Britain’s largest insurer has come to the rescue of 45,000 households and 6,000 businesses following the summer floods that devastated parts of Yorkshire and the January storms that caused serious wind damage.
Mark Hodges, head of Norwich Union Life, said the group had the balance sheet to absorb the costs.
“The weather events of 2007 were a one in every 200 years event,” he said.
“We have been there for our customers and have now made either a full or part payment to 99 per cent of the people who contacted us.”
The increase in bad weather claims took the group’s combined operating ratio – costs and claims as a percentage of premiums – to 100 per cent, beneath the group’s target of 98 per cent.
Without the flood claims, the combined operating ratio would have been 95 per cent.
“It is a one-off,” said analyst Youssef Ziai at ABN Amro. “They are paying the bills and these things have a habit of increasing.
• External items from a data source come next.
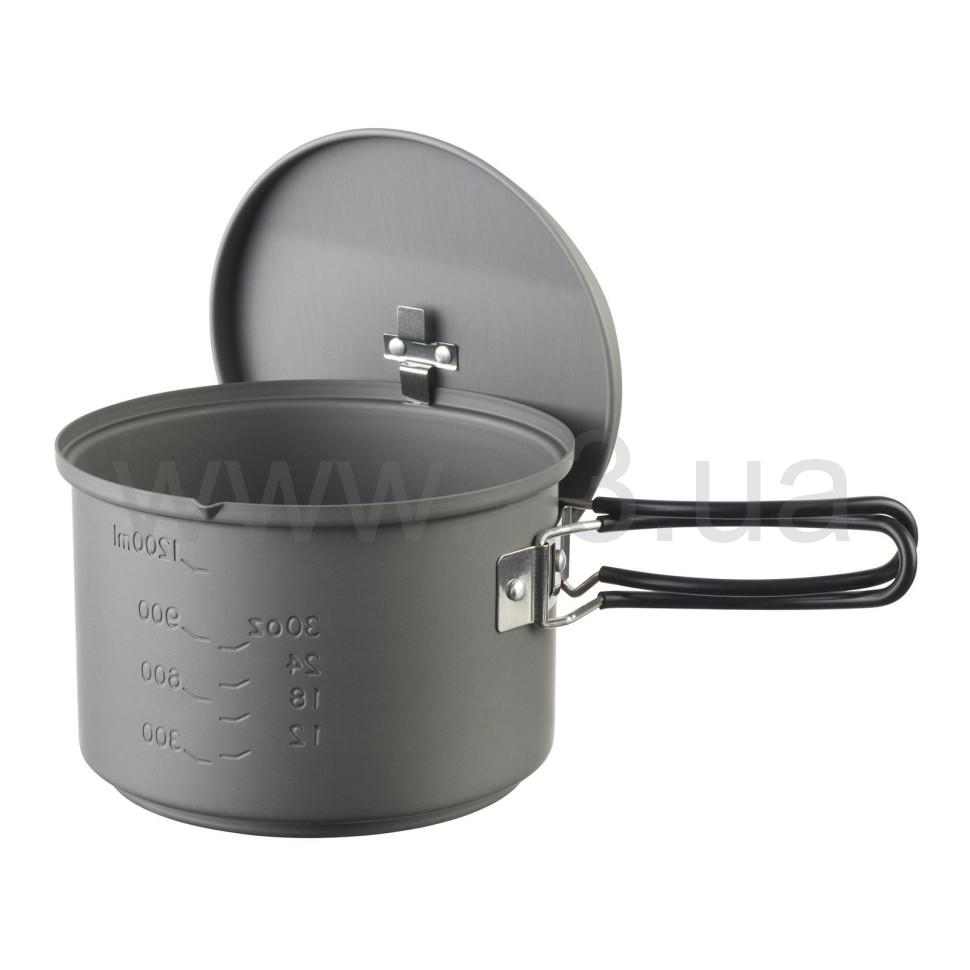 Esbit CS1500HA - легкий, изготовленный из прочного анодированного алюминия, набор для приготовления пищи, состоящий из котелка и спиртовой горелки. Для гашения пламени регулятор конфорки имеет откидную ручку. Котелок имеет объем 1500 мл, чего достаточно для приготовления пищи для 2-3 человек в походах, в кемпинге или на рыбалке. Кастрюля имеет индикацию объема в унциях и литрах, а ручку из нержавеющей стали можно сложить для экономии места. Крышка оснащена практичной подвеской. Комплект можно упаковывать в свой сетчатый мешок.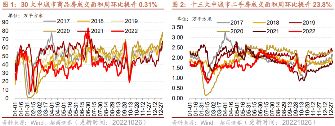 【本周关注】近期商品房市场继续小幅回暖,尤其十三大中城市二手房成交面积提升明显。从9月份的销售来看,商品房销售面积和销售额降幅均收窄,房屋新开工和竣工三个月滚动同比降幅均收窄,其中竣工端表现继续优于开工端。从融资结构上来看,国内贷款单月增速持续高于新开工,一定程度上也说明“保交楼”在逐步落地。基于二手房成交、开工竣工增速以及资金面等多项指标来看,四季度地产基本面预计继续改善。此前资本市场的悲观情绪已经比较充分的反应,后续在政策的持续驱动下,融资端环境或将出现边际改善。推荐继续关注“稳增长”主线下持续内生性现金流创造能力强的龙头房企和产业链持续复苏的机会。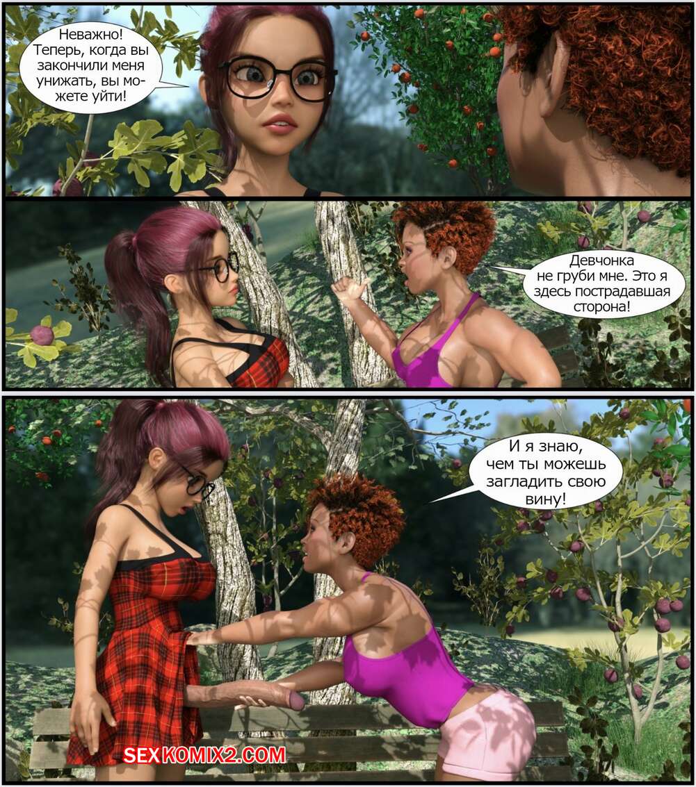 Порно комикс Прогулка по парку. A Walk In The Park. Codemonkey3dx Горячая брюнетка с большим членом гуляла в парке и очень возбудилась. Девушка села на лавочку и стала дрочить свой хуй, после чего к ней присоединилась девушка и дала ей себя выебать.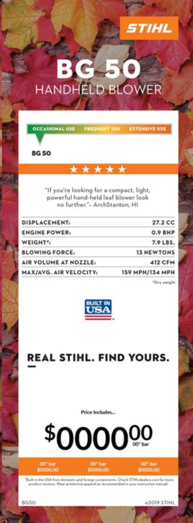 - Get superior performance from the BG 50 gasoline-powered handheld blower. Built here in America*, this reasonably priced tool boasts the highest power-to-weight ratio in the STIHL gas-powered line, making it the perfect choice for homeowners seeking premium STIHL quality. Its lightweight, compact design features a fuel-efficient engine, toolless air filter access and an upright fuel tank for easier filling. Clean up yard waste and leaf piles quickly and easily with this affordable and convenient blower.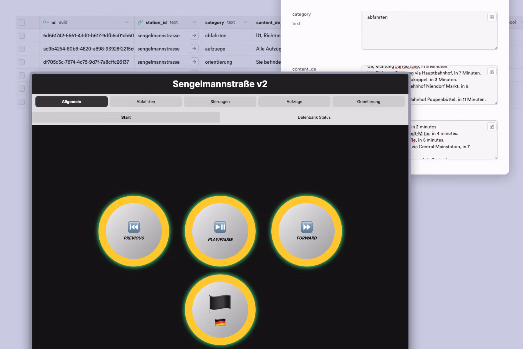 Next, we moved into Vercel v0 to refine content questions — length, tone, multi language support and required sounds — so we could validate what the audio experience should feel like across different station types and locations along the journey.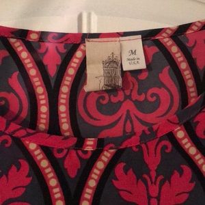 Multi color blouse with pink, black, gray, and white. I am not sure what brand but I did take a photo of the tag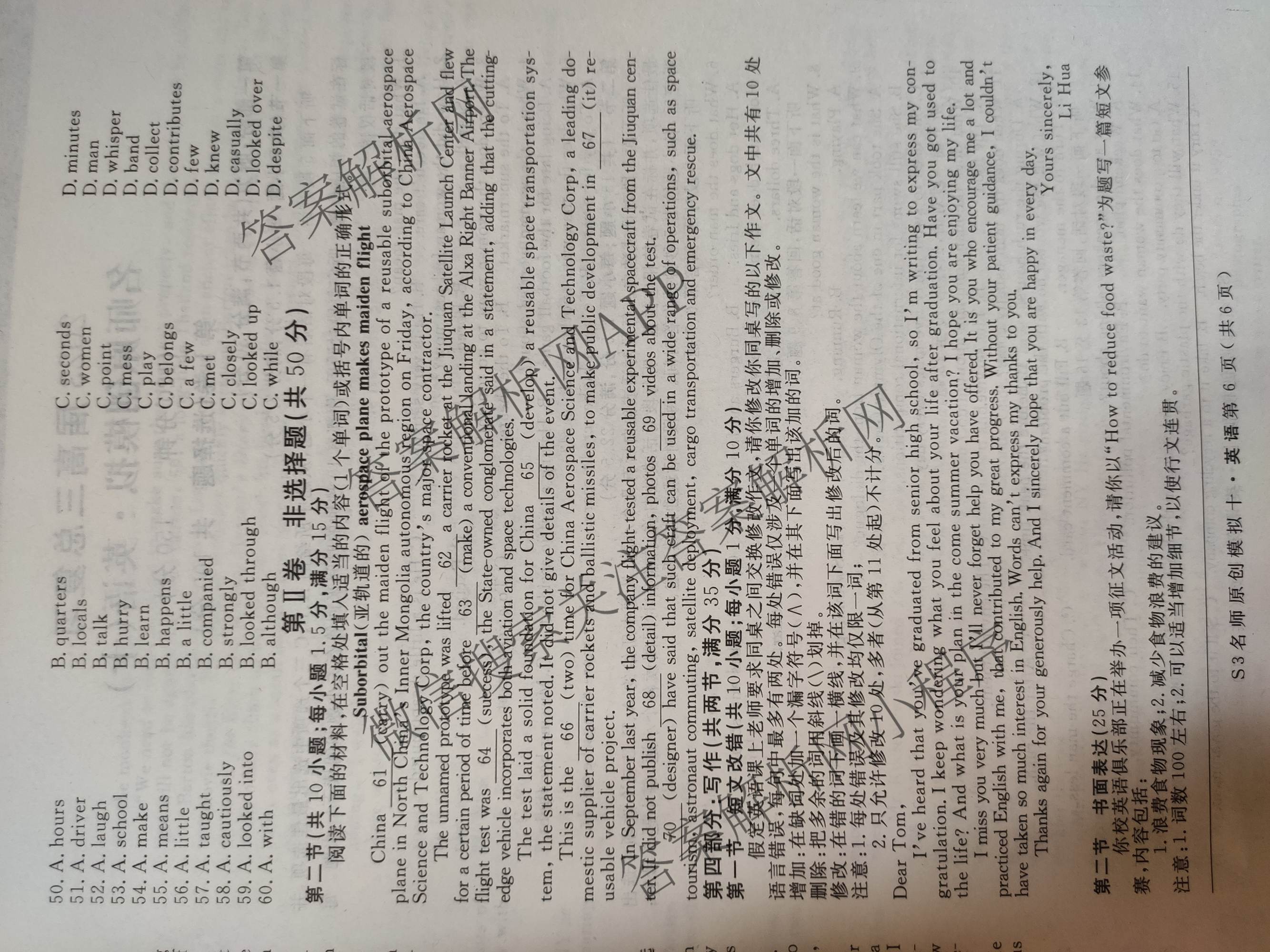 2023届高三总复习S3名师原创模拟 英语(十)10试题

I don’t think this affects their ability to increase the dividend payment.”
The update came as Aviva reported record levels of business in the UK, with life and pension new business sales up five per cent to Pounds 11.6bn in 2007.
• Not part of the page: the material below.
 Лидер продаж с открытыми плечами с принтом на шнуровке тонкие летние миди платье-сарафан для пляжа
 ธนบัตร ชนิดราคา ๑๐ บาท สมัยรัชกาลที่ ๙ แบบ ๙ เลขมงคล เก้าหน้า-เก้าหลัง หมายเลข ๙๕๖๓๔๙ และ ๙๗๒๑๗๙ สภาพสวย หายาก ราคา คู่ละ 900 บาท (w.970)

Aviva chief executive Andrew Moss said the company’s broad portfolio of products mean it was confident about future trading.
“While our markets will be affected by the current economic uncertainty, I believe we will continue to grow both new business sales and profit in line with our stated targets.”
Aviva has a diversified portfolio across the UK, Europe, United States and Asia helping it to counter downturns in areas like protection, which has been hit by the decrease in mortgage approvals, with an upturn in pensions, equity release and annuities.
“We are protected because we have a broad portfolio of products,” said Mr Hodges.
The group’s Norwich Union life business is run out of York, where it employs 3,500 people. A further 1,500 Norwich Union staff work at offices in Leeds and Sheffield.
Norwich Union maintained its share of the life and pensions market at 11 per cent in the first nine months of 2007, in line with its stated aim of growing at least in line with the rest of the sector.
Across the group as a whole Aviva reported a 22 per cent rise in 2007 life and pensions sales, beating forecasts.
Aviva, the last UK insurer to publish sales after a turbulent fourth quarter, said its life and pensions new business climbed to Pounds 31.6bn over the 12 months, beating an average forecast of Pounds 30.82bn.
Total full-year sales for the group, which include investment sales, rose 25 per cent to Pounds 38.58bn.
Aviva hopes to grow at least in line with the market in 2008 after meeting market estimates of 5-10 per cent growth in 2007. But it warned that overall growth could slow, echoing comments from its rivals.